Breast cancer is a fairly common health risk among women and there is a chance of losing one or both breasts. For those lucky enough to survive the condition, breast reconstruction is a great way to rebuild the body. Reconstructive breast surgery can help replace one or both breasts that were removed via mastectomy or restore their symmetry by transferring the patient’s own tissues into the chest area.

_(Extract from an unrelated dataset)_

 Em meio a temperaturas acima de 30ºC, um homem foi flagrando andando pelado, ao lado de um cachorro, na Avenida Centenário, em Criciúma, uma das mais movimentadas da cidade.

Although breast reconstruction offers a lot of benefits to a breast cancer patient, there are still those who refuse to undergo the surgery due to the many myths and misconceptions about the procedure:
- It must be performed immediately after a mastectomy – It is up to the patient and her physician whether or not to undergo breast reconstruction immediately after a mastectomy. There is no right time to have it done although immediate reconstruction has its advantages. These advantages include less visible scars, preservation of the breast skin and a faster recovery because it doesn’t require a separate surgery for the reconstruction. Delayed reconstruction can be performed months, or even years, after a mastectomy. Women often opt for this if they are not certain about having a reconstruction done. Patients who are undergoing radiation therapy are required to wait until their treatment is completed. Radiation can affect the final results and can also limit the patient’s options for reconstruction.

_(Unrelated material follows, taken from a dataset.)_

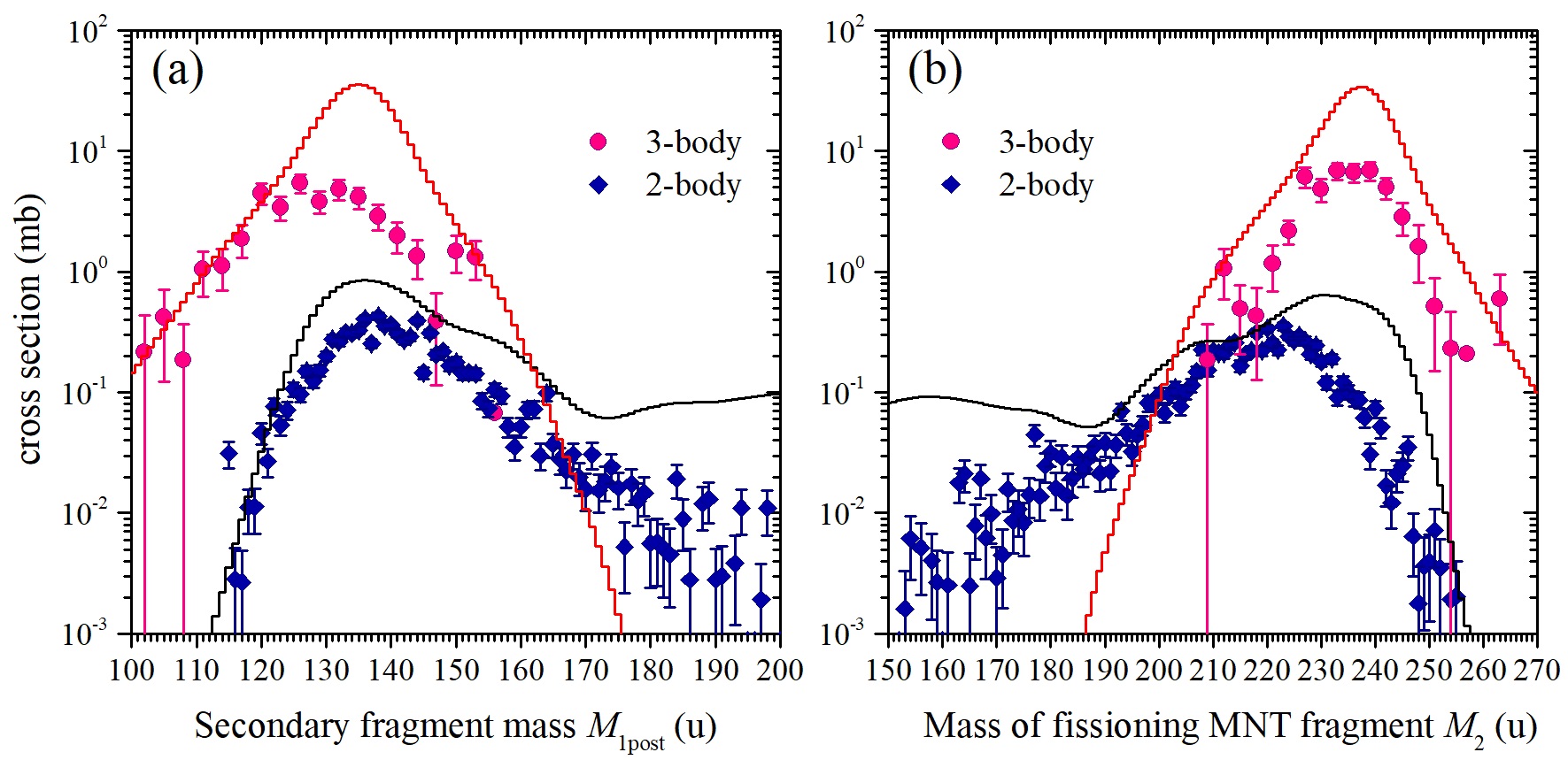 Рис. 2. (a) Массовые распределения вторичных PLF при двух- и трехтельных совпадениях фрагментов (синие и розовые точки), образованных в реакции 136Xe+238U при энергии Elab = 1.11 ГэВ; (b) Массовые распределения первичных TLF для двух- и трехтельных совпадений, дополнительных к PLF при тех же самых углах регистрации. Линии представляют соответствующие теоретические расчеты

- It requires the use of breast implants – While most women qualify for using implants in a breast reconstruction procedure, it is not the only option. It is just one of the ways a plastic surgeon can offer to restore lost breast tissue. The other method is autologous tissue transfer which makes use of the patient’s own skin, fat and muscle gathered from other parts of the body such as the abdomen, back, thighs or butt. A combination of implants and autologous tissue produces much better results compared to either of the two alone. Each method has specific indications, contraindications, advantages and disadvantages that need to be discussed with a plastic surgeon.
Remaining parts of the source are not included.